Module-11D
Module 11D : Hands On : Apache Pig Statements : Available (Length 8 Minutes)
1. ForEach statement
2. Example 1 : Data projecting and foreach statement
3. Example 2 : Projection using schema
4. Example 3 : Another way of selecting columns using two dots ..
Data Transformation using following major operators.
Sorting
Grouping
Joining
Projecting
Filtering
foreach : Suppose you have 60 records in a relation, then you can apply your operation using 'foreach' , on each record of your relation.
Syntax :
alias = FOREACH { block };
myData = foreach categories generate *; -- It will select all the columns from categories and generate new relation myData
alias : Name of the relation also it is a outer bag.

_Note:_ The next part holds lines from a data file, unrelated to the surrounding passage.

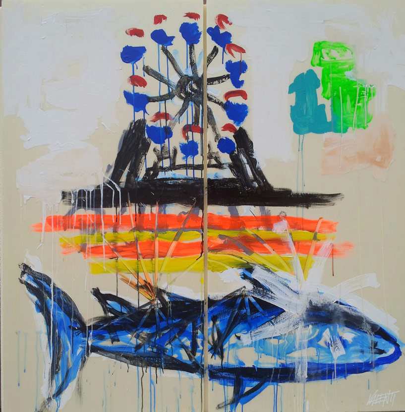 Ruota e squalo, 2014, 122 x 126 cm, acrilico su polistirene
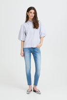 Het Audrey shirt is een echte garderobeklassieker met een moderne twist. Dit luchtige damesblouseje heeft een fris blauw-wit streeppatroon en valt op door de stijlvolle wijdere mouwen die een vrouwelijke, speelse look geven. De rechte pasvorm en knoopsluiting maken het shirt tijdloos én makkelijk te combineren.
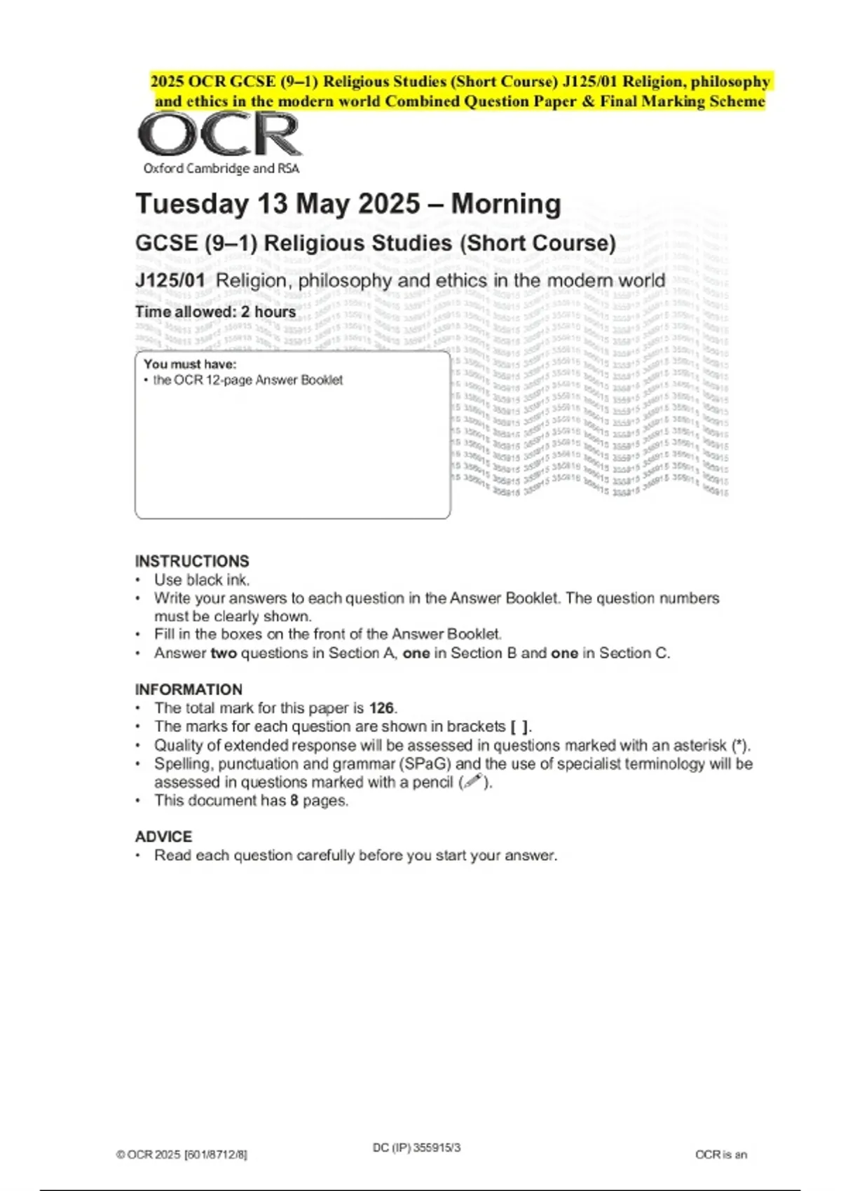 2025 OCR GCSE (9–1) Religious Studies (Short Course) J125/01 Religion, philosophy and ethics in the modern world Examination Paper and Final Marking Scheme

Example 1 : Projection using foreach (HandsOn) :
categories = LOAD '/user/cloudera/Training/pig/cat.txt' USING PigStorage(',');
myData = foreach categories generate *;
dump myData;
(1,2,Football) (2,2,Soccer)
myDataSelected = foreach categories generate $0,$1; --Selecting only first 2 columns
dump myDataSelected;
(1,2) (2,2) (3,2)
Example 2 : Projection using schema (HandsOn)

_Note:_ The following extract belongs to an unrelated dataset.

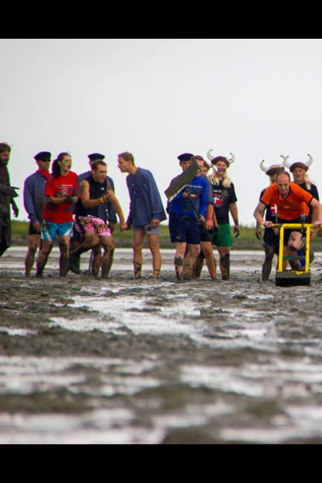 Na gut. Weil der Wunsch da war, schreibe ich mal ein wenig dazu. Eigentlich wollte ich an diesem Tag mit Hecke nach Upleward bei Greetsiel fahren, aber weil er sich beim Ironman Zürich so schwer verletzt hatte, daß er im Watt nicht starten konnte, sprang sein Double "wieder" für ihn ein. Mein Nachbar. Wir kammen zeitgleich mit Pfleges Team an. Kurzes Hallo...und dann gings zur Anmeldung. Bloß 10 Euronen pro Team mußte berappt werden. Die Mädels von der Anmeldung drückten uns noch Duschgel/Shampoo in die Hand und los gings zum Umziehen. (Wenn die wüßten, wie sehr wir das Zeug noch gebraucht haben). Auf den Tip von Shorty habe ich Farbpigmente und Kindersonnencreme Faktor 50 besorgt. Dann runter mit den Klamotten und Badehose an. Wir hatten mehrere Schälchen und Handschuhe zum Anmischen von der Farbe mit. Meine Kinder und unsere Frauen konnten sich dann an uns austoben wie sie lustig waren. Wir haben uns vorher eigentlich keine Gedanken gemacht, was für ein Muster oder so auf uns rauf sollte. Egal.... hauptsache bunt. Mein Kumpel Helge hatte schon tagelang Riesenbedenken, daß die Farbe nicht mehr runtergeht. Besonders tief war seine Stimmung als Pflege um die Ecke kam und noch nach Farbe gefragt hatte. Als ich ihm die Sonnencreme gezeigt hatte, von der leider nur noch ganz wenig da war, lehnte er abstoßend ab mit den Worten "Ich bin doch nicht verrückt. Das Zeug wirkt so wie ein Tattoo....das kriegt ihr nie wieder ab". Im Endeffekt nahm er für sein Team noch ein wenig Grün für die Augen mit. Von 20 gemeldeten Teams sind 18 schließlich vor Ort gewesen. Kurze Ansprache vom Orginasator, wie der Ablauf des Tages vonstatten geht und die Spielregeln wurden erklärt. Und dann hieß es "Aufstellen zum geordneten Einlauf in die Wattarena". Nach 5 Minuten gings los. Der Einlauf war schon beeindruckend. Alle Teams sind der Reihe nach den Deich hoch, dann vielleicht 50 Meter auf ihm gelaufen und dann mit Vorstellung durch die Menge. Für die Zuschauer glaube ich war das schon ein schönes Bild gewesen. Dann gabs noch ein paar gute Worte vom Schirmherr Tamme Hanken, dem XXL-Ostfriesen zum Thema Spendenbereitschaft und Nichtzahlbereitschaft der Krankenkassen. Alle Einnahmen aus dieser Veranstaltung gingen an den Verein für krebskranke Kinder in Ostfriesland und Umgebung. Anschließend gings mit Sport los. Zunächst Wattfußball. Ein Spiel dauerte immer 5 Minuten auf einem 12x20 Meter Feld und war ein einziges Schlammfest. Da war ich schon ein wenig neidisch als ich den Heckenpenner mit Interceptor dort spielen gesehen hatte. Wir meldeten uns zwar auch an für Fußball, aber bekamen leider keinen Startplatz. Einfach kein Glück gehabt. Wir nutzten diese Zeit dann um uns mit den Schlickschlitten vertraut zu machen. Gar nicht so einfach. Man mußte permanent mit einem Knie auf dem Schlitten aufliegen und das andere Bein gab Anschwung. Eingesackt im Watt sind wir übrigens so etwas mehr als eine Chucks-Höhe. Richtig warm war der Schlick. Was auch beeindruckend war, war die Menge an Zuschauern. Ich bin schlecht im schätzen, aber ich denke das waren so ca. 2000 Leute. Nun kam der Aalsprint (Leider auch keinen Startplatz bekommen). Jede Mannschaft mußte dafür 3 Läufer stellen. Man startet mit dem Aal in der Hand, (NEIN...NICHT DER !!!!....Der Aal war eigentlich ein zurechtgeschnittender Fahrradschlauch) läuft bis zur 50 Meter-Marke, wendet und läuft zurück, dann Übergabe an den nächsten, usw. Als das durch war kam es Lückenlos zum Hauptlauf: Dem Schlickschlittenrennen. Es hat angefangen mit der ersten Disziplin, dem 50 Meter-Schlittensprint. Mein Kumpel Alex hatte sich dem angenommen. Nach dem Startschuß hatte ich ganz schön gestaunt, wie schnell er gefahren ist. Kopf an Kopfrennen mit dem Team Waterhörn (die auch die gesamte Veranstaltung gewonnen hatte). Zuerst dachte ich, es wäre der zweite Platz gewesen, aber auf JiuTiub sah man sehr schön, daß er als erstes durchs Ziel kam. Dann kam der Reusenlauf über 150 Meter denn ich übernahm. Ich ging mit gemischten Gefühlen an den Start, weil ich nicht wußte, wie mein Rücken das mitmacht (hatte ich sehr akut über die letzten 2 Wochen). Beim Reusenlauf gings mit dem Schlitten bis zur 50 Meter-Marke, dann absteigen, 25 Meter bis zur Reuse, Aal rausholen und genauso wieder zurück. Ater Falter. Hin war kein Problem, aber der Rücklauf nahm mir alle Luft aus den Lungen. Voll anstrengend. Keine Ahnung welcher Platz. War ja eigentlich auch egal gewesen. Der Spass stand da voll im Vordergrund. Hauptsache alle Fahrer haben alles gegeben. Nun kam der Schlickschlitten-Staffellauf über 300 Meter. Mit dem Schlitten gehts bis zur 50 Meter-Marke, dann wenden und zurück, Schlitten wieder wenden und an den nächsten übergeben. Das Wenden war schon eine Sache für sich. Für Leute die das nicht kannten eXtrem schwierig. Den Staffellauf mußten wir in einem ziemlich heftig einsetzenden Platzregen bestreiten. Für uns Teilnehmer ein riesenspaß, aber die Zuschauer flüchteten. Nachdem das Rennen gelaufen war, sind wir gleich unter die Dusche. uns war scheißenkalt. D.h. die Siegerehrung wollten wir den Gewinnern überlassen. Ich hätte nicht im Traum gedacht, daß wir den zweiten Gesamtsieger machen, sonst wären wir natürlich noch geblieben. Na ja... war dann halt so. Die vierte Disziplin hatte uns dann in der Dusche erwartet. Über eine halbe Stunde waren wir in der Einzelkabine und haben VERSUCHT die Farbe wieder abzubekommen. Waschpulver, Handwaschpaste, Duschgel/Shampoo.... alles dabei, aber das war echt eine Tortur. Coco hatte sich beim Kopf anmalen gedacht, daß derjenige ordentlich Farbe braucht. Ich hatte schon bildlich vor Augen den nächsten Arbeitstag bunt zu verbringen. Wir haben uns anschließend dann zu zweit in eine Kabine gezwängt und uns schön gegenseitig den Körper mit einer fiesen Bürste geschrubbt. Als ich aus dem Duschhaus gekommen war, drückte mir Schnorrest oder Anakonda (ich habe die Namen durcheinander gebrac

categories2 = LOAD '/user/cloudera/Training/pig/cat.txt' USING PigStorage(',') AS (id:int, subId:int, catName:chararray);
selectedCat = foreach categories2 generate subId,catName; --Selecting only two columns, using column name
DUMP selectedCat;
(2,Football) (2,Soccer) (2,Baseball & Softball)
subtract = foreach categories2 generate id-subId; --This is just to show you, you can use expression
dump subtract;
(-1) (0) (1)
So you can refer columns in a relation with
Their position like $0 - first element, $1- Second element (This should be used , when schema is not defined)
Their name as defined by schema like id, subId etc (Case sensitive)
Using * , you can select all the columns
Example 3 : Another way of selecting columns using two dots .. (HandsOn)
selectedCat3 = foreach categories2 generate id..catName; --Select all the columns between id and catName
DUMP selectedCat3;
selectedCat4 = foreach categories2 generate subId..; --Select all the columns subId and rest which comes after subId
DUMP selectedCat4;
selectedCat5 = foreach categories2 generate ..catName; --Select all the columns comes before catName inclusive
DUMP selectedCat5;